Look in the listing below for the line that has "Depending on the", then return it and each following line up to and including the one with "(五)促進(jìn)嚴(yá", exactly and without pictures.

* * *

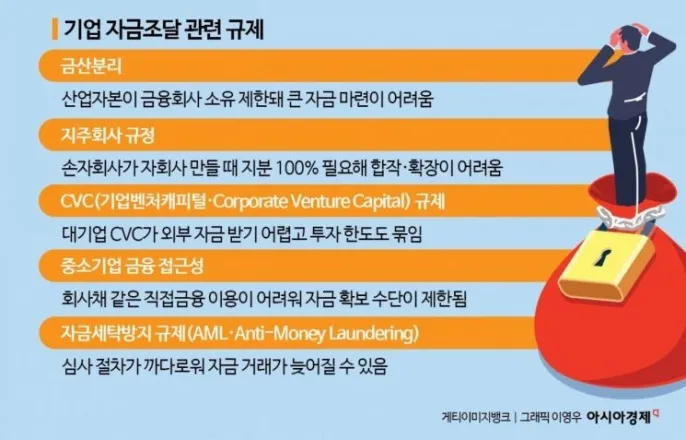 첨단산업경쟁가속…AI투자규모커지는데국내에선금산분리·자사주·중복상장등규제SK하이닉스가미국주식예탁증서(ADR·AmericanDepositaryReceipt)상장검토에나서면서국내기업의자금조달환경이다시도마위에올랐다.인공지능(AI)·반도체등첨단산업투자규모가커지는상황에서금산분리와자사주소각의무화,중복상장규제등이겹치며기업들이국내에서활용할수있는자본수단이좁아졌다는지적이제기된다.11일산업·금융투자업계에따르면SK하이닉스는전날조회공시답변을통해"기업가치제고를위한다양한방안을검토중이나현재까지확정된사항은없다"고밝혔다.이어"추후구체적인내용이확정되는시점또는1개월이내에재공시하겠다"고덧붙였다.약1740만주의자사주가활용될수있다는관측이나왔으나회사는검토단계라는점을강조했다.국내저평가문제와해외투자자기반확대를동시에고려한조치라는분석도나오고있다.이번조회공시는앞서SK하이닉스가자사주를미국증시에주식예탁증서로상장하는방안을추진한다는보도가나온데따른것이다.예탁증서(DR)는기업주식을해외시장에서유통하기위해발행하는대체증권이다.기업이원주식을국내보관기관에맡기면이를담보로현지은행등해외예탁기관이예탁증서를발행하고해외시장에서거래될수있도록한다.미국에서발행되는경우ADR이라고부른다.업계에선미국시장에서ADR이거래되면SK하이닉스가마이크론과같은경쟁사수준으로기업가치를재평가받을수있다고보고있다.산업계에선SK하이닉스의ADR상장검토를단일기업의선택이아니라국내자본시장구조의한계를드러내는상징적사건으로평가한다.국내에서계열사상장이제한되고자사주활용도제약받는동안미국시장은적극적으로첨단산업기업유치에나서고있기때문이다.기업들은국내보다미국에서더높은가치로평가받을수있다는기대도내놓는다.무엇보다미국은AI·반도체산업에대한투자자관심이높아ADR발행이기업가치제고로이어질가능성이있다.첨단산업경쟁이가속화한상황에서기업들이자본시장에서활용할수있는선택지를넓혀주는제도정비가필요하다는목소리가높아지고있는배경이다.연합뉴스SK하이닉스는기업단독으로대규모투자에필요한자금과인프라확보가어렵다며제도개선필요성을정부에전달했다.곽노정SK하이닉스대표는대통령실보고회에서"대규모자금확보에어려움이있어규제완화가필요하다"며초대형투자가단일기업에집중되는구조의한계를지적했다.SK하이닉스는용인반도체클러스터에약600조원을단계적으로투입해팹규모를확대하고첨단장비를도입할계획이며청주에도향후4년간42조원투자를예고했다.이같은흐름은지주사규제와금산분리규제에막힌기업들의자본유연성이크게제한된현실과도맞닿아있다.관계부처는지주사규제와금산분리원칙일부를조정하는방안을이르면이번주발표할것으로알려졌다.전략산업투자규모가커진상황에서기존규제환경으로는대규모사업확장에필요한자금공급이어렵다는판단이작용했다는설명이다.정부는지주회사의손자회사가국내증손회사를두려면지분을100%보유해야하는현행규정을'50%이상'으로완화하는방안을검토중이다.100%규정은총수일가의과도한지배력확대를견제하는장치지만첨단산업투자에선신규자회사설립비용이과도해사업확장에걸림돌이됐다.SK하이닉스·LG에너지솔루션등이이규정의영향을받는대표사례다.일반지주회사의금융리스회사보유를허용하는방안도논의되고있다.금산분리원칙이적용되는현행체계에선일반지주회사가금융·보험업을영위할수없지만금융리스가허용되면설비·시설을임대하는방식으로초기비용을줄일수있다.특수목적법인(SPC)을활용해투자자를유치하는방식도가능해져첨단산업자금조달방식이확대될것으로전망된다.한편국내규제가투자속도를따라가지못한다는지적은꾸준히제기됐다.글로벌기술기업들의투자규모는국내기업들이감당하기어려울수준으로커지고있기때문이다.트렌드포스는구글·아마존·메타·마이크로소프트등주요AI기업의내년도자본지출을5200억달러(약764조원)로전망했다.반도체팹건설비용도한기당100조원을넘길것으로관측된다.그런데도국내에선자사주소각의무화논의가이어지고금산분리·중복상장규제등으로전략적자본활용수단이제약된다는비판이제기된다.대한상공회의소조사에서기업62.5%가자사주소각의무화에반대했고79.8%는신규취득자사주처분공정화를대안으로제시했다.한대기업관계자는"현행제도에ㅅㄴ수십조원대투자를반복해야하는첨단산업시대를감당하기어렵다"고했다.또다른관계자는"성장할수록규제가커지는구조"라고평가했다.장희준기자[email protected]©아시아경제.무단전재및재배포금지.
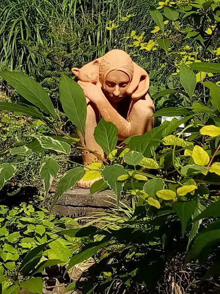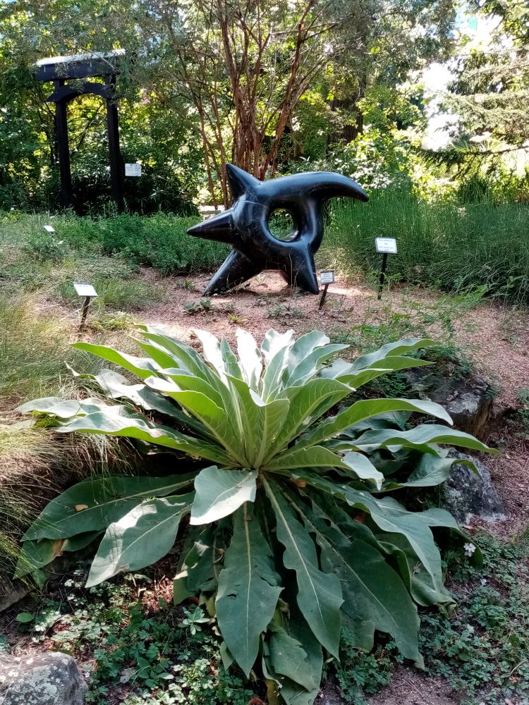 Depending on the angle, and the time of day, the negative spaces of this work produce deep and dramatic shadows, almost theatrical among the lush greenery of the garden. It is a very pleasing piece, which we can see almost in the round.
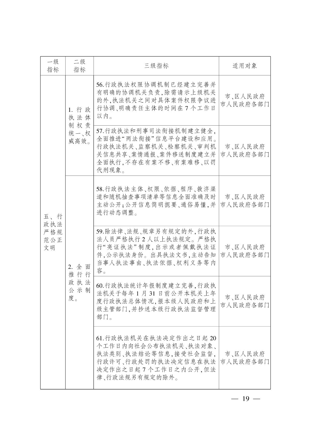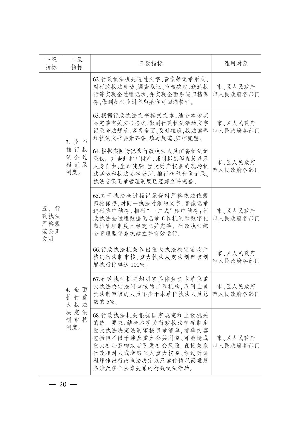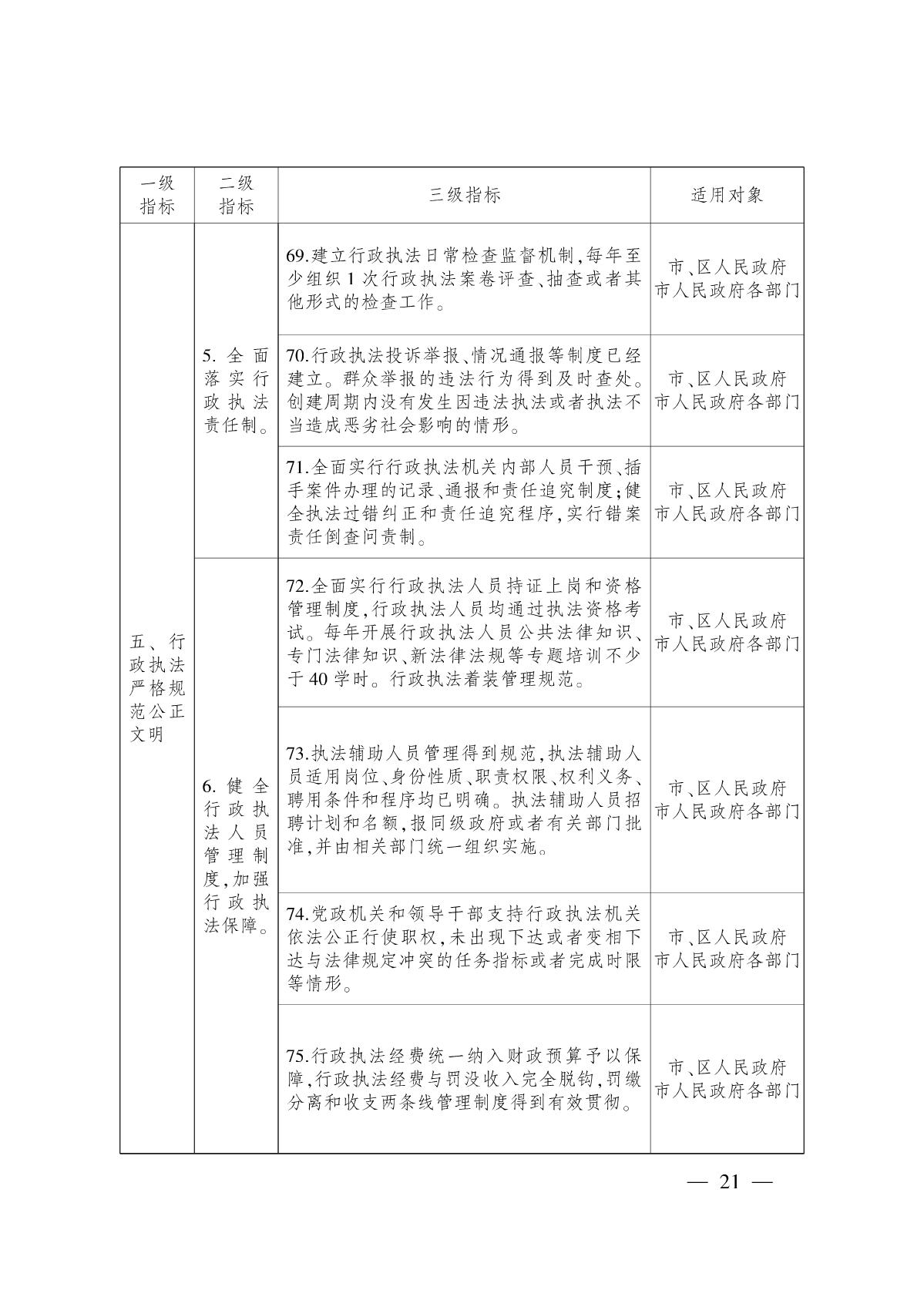 (五)促進(jìn)嚴(yán)格規(guī)范公正文明執(zhí)法,提升行政執(zhí)法能力和公信力。深化行政執(zhí)法體制改革,落實(shí)綜合執(zhí)法改革要求,繼續(xù)探索實(shí)行跨領(lǐng)域跨部門綜合執(zhí)法。全面推進(jìn)武漢市行政執(zhí)法管理與監(jiān)督云平臺(tái)建設(shè)和應(yīng)用,改進(jìn)和創(chuàng)新執(zhí)法方式,規(guī)范執(zhí)法自由裁量權(quán),健全行政執(zhí)法和刑事司法銜接機(jī)制。全面推行涉企行政處罰“三張清單”,實(shí)施包容審慎執(zhí)法。全面推行行政執(zhí)法公示制度、執(zhí)法全過程記錄制度、重大執(zhí)法決定法制審核制度,加大重點(diǎn)領(lǐng)域執(zhí)法力度。嚴(yán)格落實(shí)行政執(zhí)法責(zé)任制和責(zé)任追究制,加強(qiáng)行政執(zhí)法監(jiān)督。
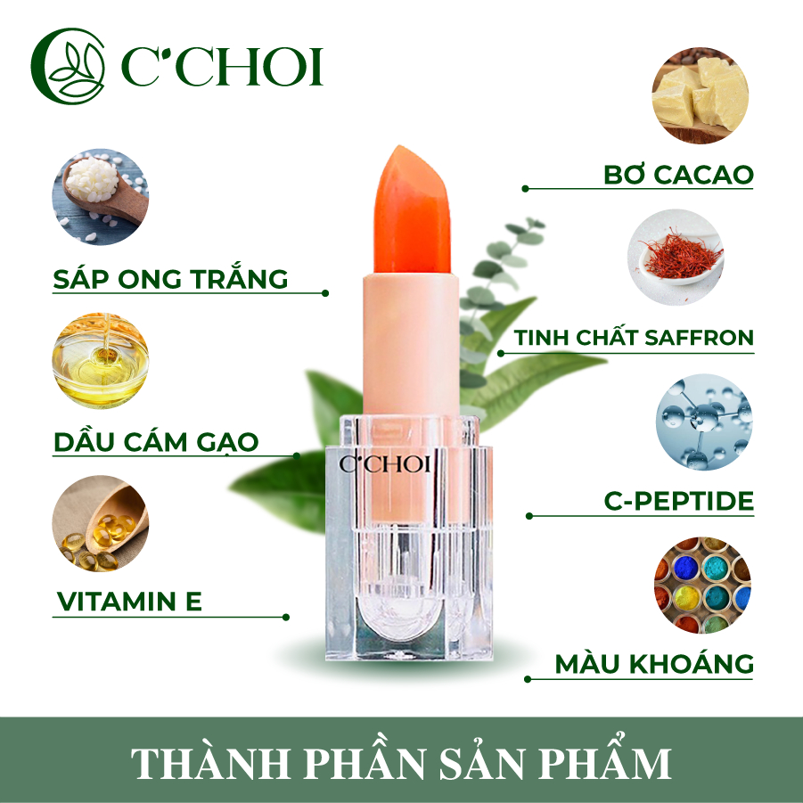 - Công thức dưỡng môi độcg: Kết hợp các thành phần dưỡng chất quý giá như Nhụy hoa nghệ thuật (Saffron), Dầu Cám Gạo, Sáp Ông Trắng, Bơ Ca Cao, C-Pep Elastyl CC, Vitamin E và Màu Khoáng, Son dưỡng môi Saffron Color C'Choi mang đến hiệu quả dưỡng môi vượt trội:
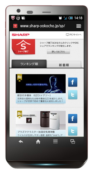 HOME > ニュース > AV&ホームシアターニュース クリックなどでランキングが変動 「シャープ横丁」スマートフォン版がオープン ファイル・ウェブ編集部 2012年11月19日 「シャープ横丁」スマートフォン版の表示イメージ この写真の記事へ 関連リンク シャープ横丁(スマートフォン版) シャープ
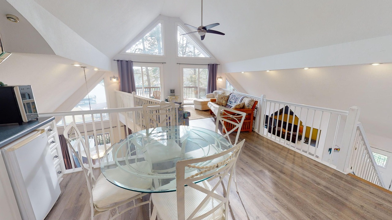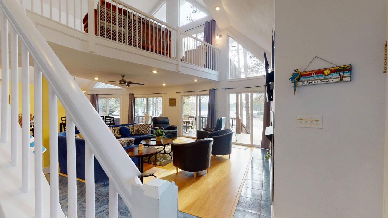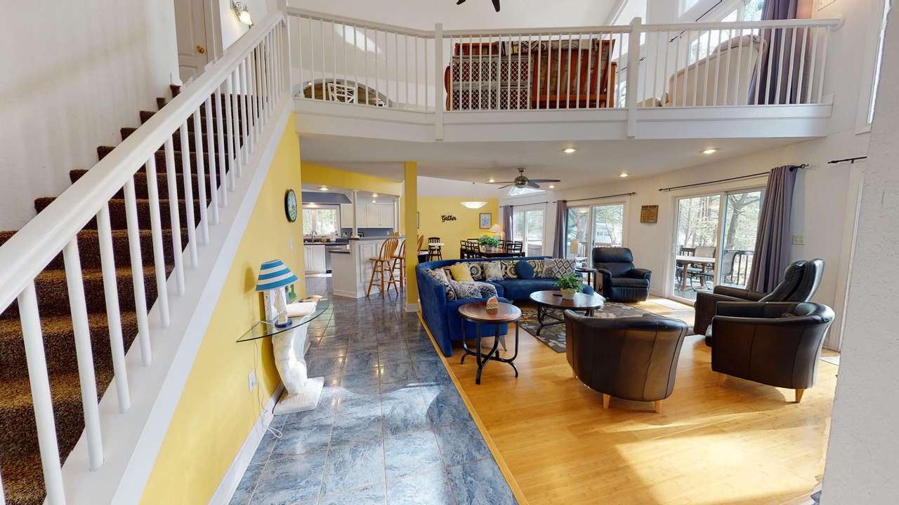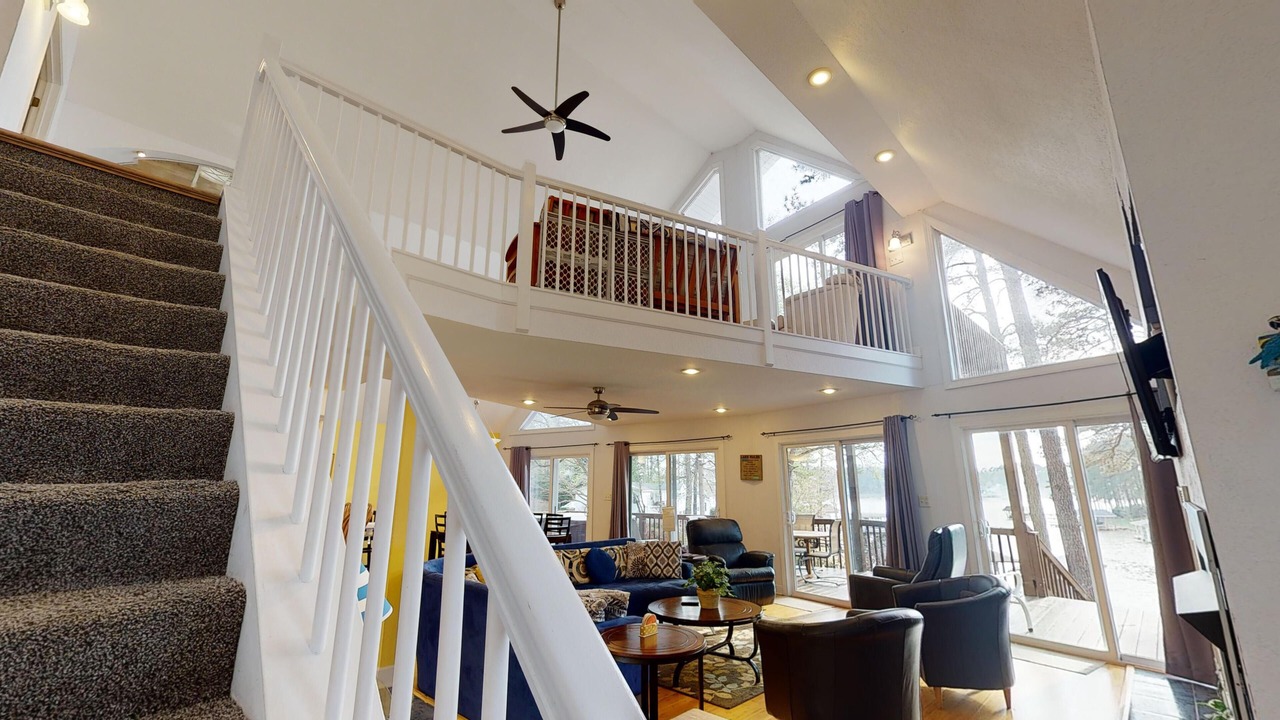 Two living areas with a kitchen and a bar/kitchenette. Main level living and dining room has a wall of glass. Spectacular views overlooking the lake from inside or on the main deck (partially covered), balcony, fire pit to make s'mores at night and dock; with seating on each.
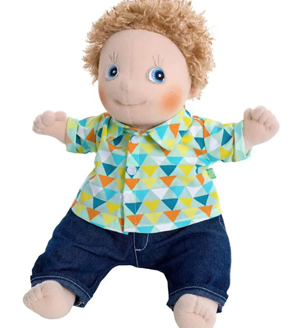 Charmerende Rubens barn dukke iført en skjorte med korte ærmer i et farverigt mønster af trekanter. Bukserne er i mørk denim, der fuldender dukkens stilfulde look.

* * *

→ The answer:
 Depending on the angle, and the time of day, the negative spaces of this work produce deep and dramatic shadows, almost theatrical among the lush greenery of the garden. It is a very pleasing piece, which we can see almost in the round.
 (五)促進(jìn)嚴(yán)格規(guī)范公正文明執(zhí)法,提升行政執(zhí)法能力和公信力。深化行政執(zhí)法體制改革,落實(shí)綜合執(zhí)法改革要求,繼續(xù)探索實(shí)行跨領(lǐng)域跨部門綜合執(zhí)法。全面推進(jìn)武漢市行政執(zhí)法管理與監(jiān)督云平臺(tái)建設(shè)和應(yīng)用,改進(jìn)和創(chuàng)新執(zhí)法方式,規(guī)范執(zhí)法自由裁量權(quán),健全行政執(zhí)法和刑事司法銜接機(jī)制。全面推行涉企行政處罰“三張清單”,實(shí)施包容審慎執(zhí)法。全面推行行政執(zhí)法公示制度、執(zhí)法全過程記錄制度、重大執(zhí)法決定法制審核制度,加大重點(diǎn)領(lǐng)域執(zhí)法力度。嚴(yán)格落實(shí)行政執(zhí)法責(zé)任制和責(zé)任追究制,加強(qiáng)行政執(zhí)法監(jiān)督。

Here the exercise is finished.